10. SERVICE OPTIMIZATION.
- 10.1 Service Optimization. Where permitted by applicable Data Protection Legislation, Sprig may process Company Personal Data: (a) for its internal uses to build or improve the quality of its services; (b) to detect Security Breaches; and (c) to protect against fraudulent or illegal activity.
11. ACCOUNT DATA.
- 11.1 Account Data. “Account Data” means data about Company or its Authorized Users that Company or its Authorized Users: (a) provide to Sprig in connection with the creation or administration of their account; or (b) generate in connection with their use of the Services. For example, Account Data may include an Authorized User’s name, email address, and usage data associated with an Authorized User’s account. Company Data does not include Account Data.
- 11.2 Use of Account Data.
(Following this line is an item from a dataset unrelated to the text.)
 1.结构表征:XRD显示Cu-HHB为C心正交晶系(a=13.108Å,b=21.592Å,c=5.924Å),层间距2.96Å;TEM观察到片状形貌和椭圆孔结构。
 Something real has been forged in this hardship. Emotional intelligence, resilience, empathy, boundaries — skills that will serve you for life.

Sprig shall process Account Data to provide the Services and in accordance with its Privacy Notice available at: https://sprig.com/privacy-policy.html.
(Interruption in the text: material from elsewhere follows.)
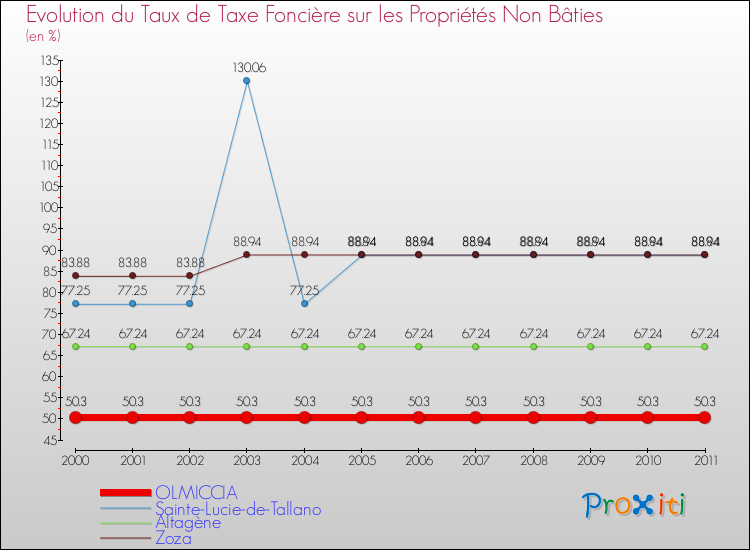 A Olmiccia, le taux de taxe foncière sur le non bâti a donc augmenté de 0 % entre 2000 et 2011.

ATTACHMENT 1 – SPRIG TECHNICAL AND ORGANIZATIONAL MEASURES
This Attachment 1 forms part of the DPA. Capitalized terms not defined in this Attachment 1 will have the meaning set forth in the DPA.
Sprig will implement and maintain an information security program (“Information Security Program”) that: (a) is consistent with industry standard practices taking into consideration the sensitivity of the relevant Company Personal Data, and the nature and scope of the Services to be provided; (b) includes appropriate technical and organizational measures designed to safeguard Company Personal Data; and (c) complies with Data Protection Legislation. At a minimum, the Information Security Program shall include:
- Information Security Policy. Sprig shall maintain a written information security policy applicable to all authorized personnel.
- Training. Sprig will provide information security awareness training to all employees annually.
- Access Control. Sprig will maintain an access control policy, procedures, and controls consistent with industry-standard practices. Sprig will limit access to Company Personal Data to those employees and Subprocessors with a need-to-know.
- Logical Separation. Sprig will ensure Company Personal Data is logically separated from other Sprig client data.
- Encryption. Sprig will encrypt Company Personal Data in transit and at rest using industry-standard encryption technologies.
- Password Management. Sprig will maintain a password management policy designed to ensure strong passwords consistent with industry-standard practices.
- Incident Response Plan. Sprig will maintain an incident response plan that addresses Security Breach handling. Upon request, Sprig will provide Company with a copy of its incident response plan.
- Backups of Company Personal Data. Sprig will maintain an industry-standard backup system and backup of Company Personal Data designed to facilitate timely recovery in the event of a service interruption.
- Disaster Recovery and Business Continuity Plans. Sprig will maintain disaster recovery and business continuity plans consistent with industry-standard practices.